Agricultural Economy- Budget Issues; Trade; Biotech; and, Biofuels

Agricultural Economy- Budget Issues

A paper released yesterday by the Federal Reserve Bank of Chicago (“Farm Income’s Impact on the Midwest Economy,” by David Oppedahl) indicated that, “During the first four years following the Great Recession (which ended in mid- 2009), farmers and ranchers generated the highest levels of real agricultural income since 1973 (see figure 1), which contrasted sharply with the uneven fortunes of the broader economy over this span. Yet, since mid-2013, the incomes of crop producers have decreased, while those of livestock producers have increased, as crop (and feed) prices have fallen dramatically, mostly as a result of record or near-record harvests. Hence, risk management remains as critical as ever, as crop producers contend with a downturn in farm income following several years of prosperity. Experts from academia, policy institutions, banking, and the farming industry gathered at the 2014 conference to examine these and other farm income trends, plus their interplay with the regional economy.”

Yesterday’s paper added that, “Government payments (both direct subsidies and crop insurance indemnities) have remained an important part of the farm sector’s income, even as market-derived farm income has risen in recent years.
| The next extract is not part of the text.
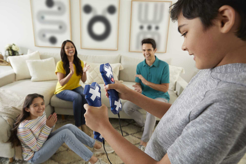 Bekijk de lampjes goed en haal niks door elkaar tijdens het spannende elektronisch spel Crossed Signals! Kies 1 van de 4 verschillende spellen op de unit. Als de spelers de lampjes zien, moeten ze snel reageren! Zie je een pijl? Beweeg de stick in die richting. Zie je een ‘X’? Beweeg dan in de tegenovergestelde richting. Branden beide pijlen? Schudden maar! Speel alleen of samen met maximaal 3 vrienden. Het spel CROSSED SIGNALS gebruikt licht en spraakopdrachten om je in beweging te krijgen en je snelheid en nauwkeurigheid te testen. Er is ook een duelmodus waarbij 2 spelers elk een stick gebruiken. De speler met de hoogste score is de winnaar! Speel dit waanzinnige spel met licht en actie samen met maximaal 4 spelers! Het spel CROSSED SIGNALS krijgt iedere speelafspraak of spelletjesavond op gang met actie voor binnen en buiten. Afwijkende kleuren en versieringen mogelijk. Werkt op 3 ‘AAA’ (LR03) batterijen (niet inbegrepen).

The number of acres covered by crop insurance has grown significantly, and so have the liabilities of the crop insurance program, which is subsidized and overseen by the USDA. The substantial payouts during recent droughts (especially the one in 2012) underscore the importance and value of crop insurance. Agricultural producers are paying premiums for coverage that has generally increased over time. The total value of crop insurance premiums has tended to exceed the total value of indemnities since the mid-2000s, with 2012 being an exception. Much of the farm safety net is legislated through the Agricultural Act of 2014, [Joe Glauber] said. Although nutrition programs have been allocated 80% of this farm bill’s $489 billion in funding, farm commodity, crop insurance, and conservation programs were projected to receive 5%, 8%, and 6% of the funding, respectively, over the 2014–18 period. These programs offer an array of choices for managing various risks faced by agricultural producers (including those related to adverse weather conditions and sudden drops in prices for their goods below certain predetermined levels). The current farm bill’s approach relies upon insurance as the primary means by which to protect against agricultural risks and to support farm incomes.”

With this background in mind, Chris Clayton and Todd Neeley reported yesterday at DTN that, “The White House budget proposal for 2016 seeks to cut crop insurance under the argument that such cuts are needed to offset higher projected direct farm-program subsidies.”